Data for analysis >>

□ □ □ □

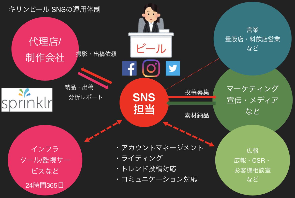 キリンビールさんのSNSの運用体制がこちら⬇️👏
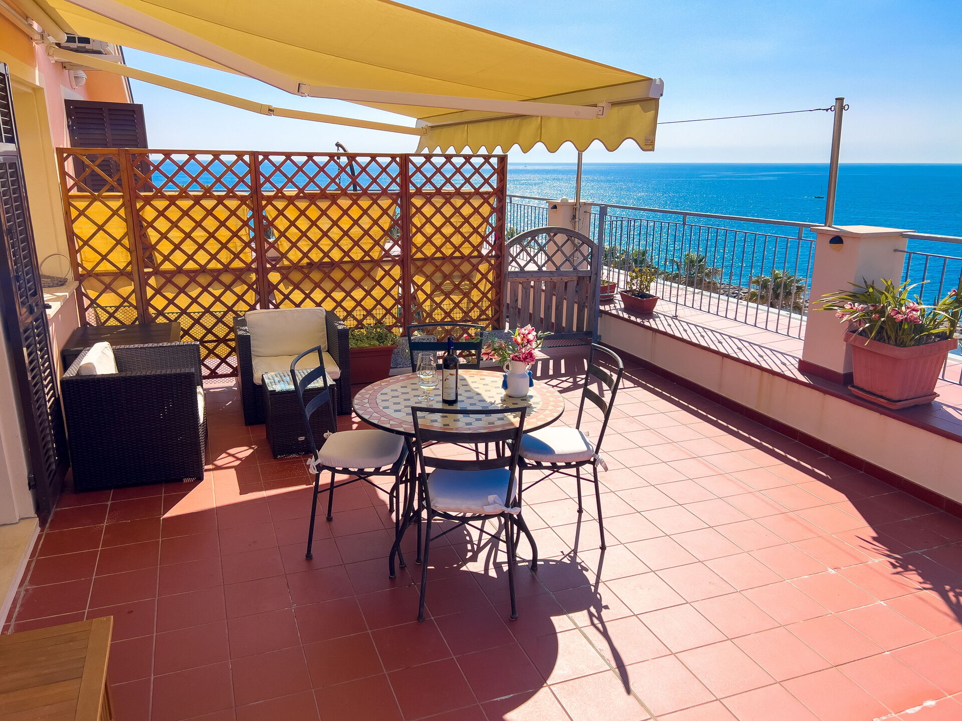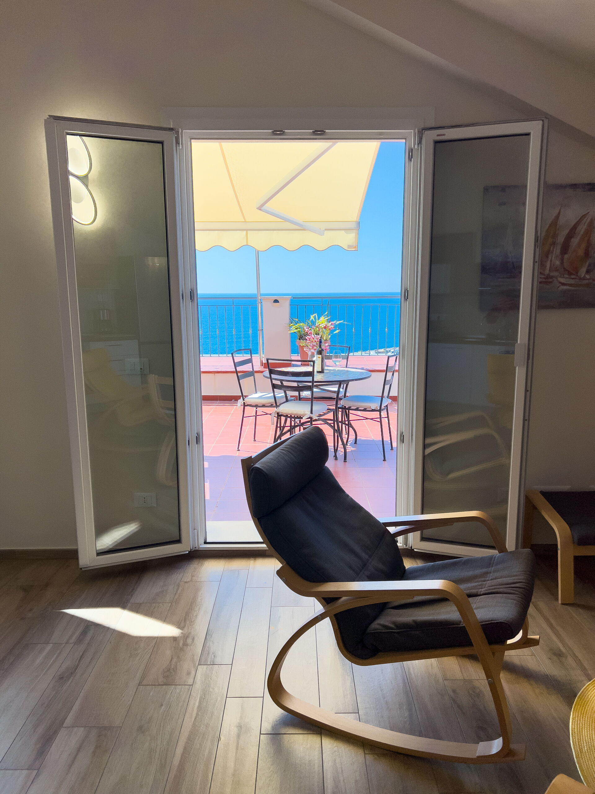 Sea-view terrace, with table and chairs, sunshade. Perfect for al fresco dining and relaxing breakfasts with a sea-view!
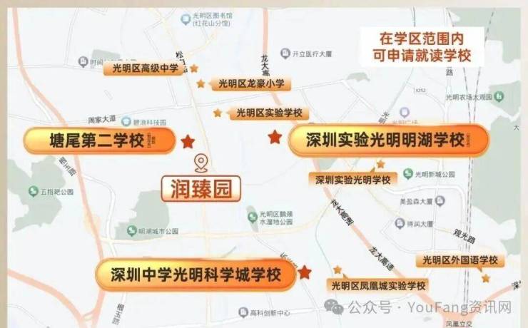 深圳中学光明分校、深圳实验光明分校、塘尾幼儿园、博华学校、光明区实验学校、光明区外国语学校
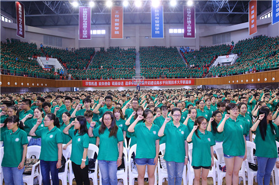 在开学典礼上,隆重举行了新生入学宣誓仪式。新同学们佩戴着校徽庄严宣誓:“我是上海应用技术大学学生,我愿以责任浇铸青春年华,厚德精技,砥砺知行,承工匠精神,养人文底蕴,求科学真理,担天下道义,明德明学明事,尽心尽力尽志,报效祖国,不辱使命,为实现中国梦而努力奋斗!”
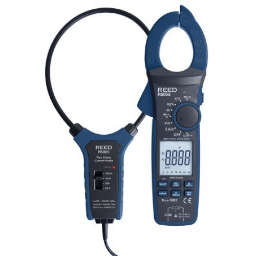 The R5055-KIT includes the R5055 True RMS Clamp Meter and the R5065 Flexible Current Probe. This True RMS clamp meter can measure up to 1000V and 1000A in both AC/DC modes and comes equipped with an 18" Flexible Current Probe which provides measurement flexibility up to 3000A AC.
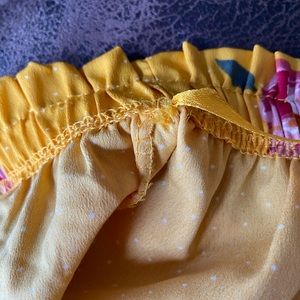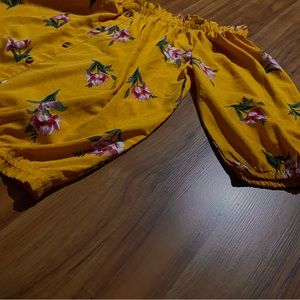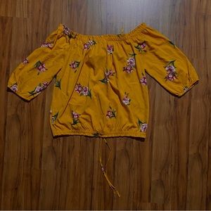 Mileage women’s off the shoulder floral crop top cinches at the waist size 3X pre-owned in good condition. 3/4 sleeves cinched at the end. Colors are yellow, pink, and green.

□ □ □ □

Exercise prompt >>
Transcribe exactly, with no pictures, the lines running from the first line of the material through the line holding "The R5055-KIT includes".

Answer to this problem >>
 キリンビールさんのSNSの運用体制がこちら⬇️👏
 Sea-view terrace, with table and chairs, sunshade. Perfect for al fresco dining and relaxing breakfasts with a sea-view!
 深圳中学光明分校、深圳实验光明分校、塘尾幼儿园、博华学校、光明区实验学校、光明区外国语学校
 在开学典礼上,隆重举行了新生入学宣誓仪式。新同学们佩戴着校徽庄严宣誓:“我是上海应用技术大学学生,我愿以责任浇铸青春年华,厚德精技,砥砺知行,承工匠精神,养人文底蕴,求科学真理,担天下道义,明德明学明事,尽心尽力尽志,报效祖国,不辱使命,为实现中国梦而努力奋斗!”
 The R5055-KIT includes the R5055 True RMS Clamp Meter and the R5065 Flexible Current Probe. This True RMS clamp meter can measure up to 1000V and 1000A in both AC/DC modes and comes equipped with an 18" Flexible Current Probe which provides measurement flexibility up to 3000A AC.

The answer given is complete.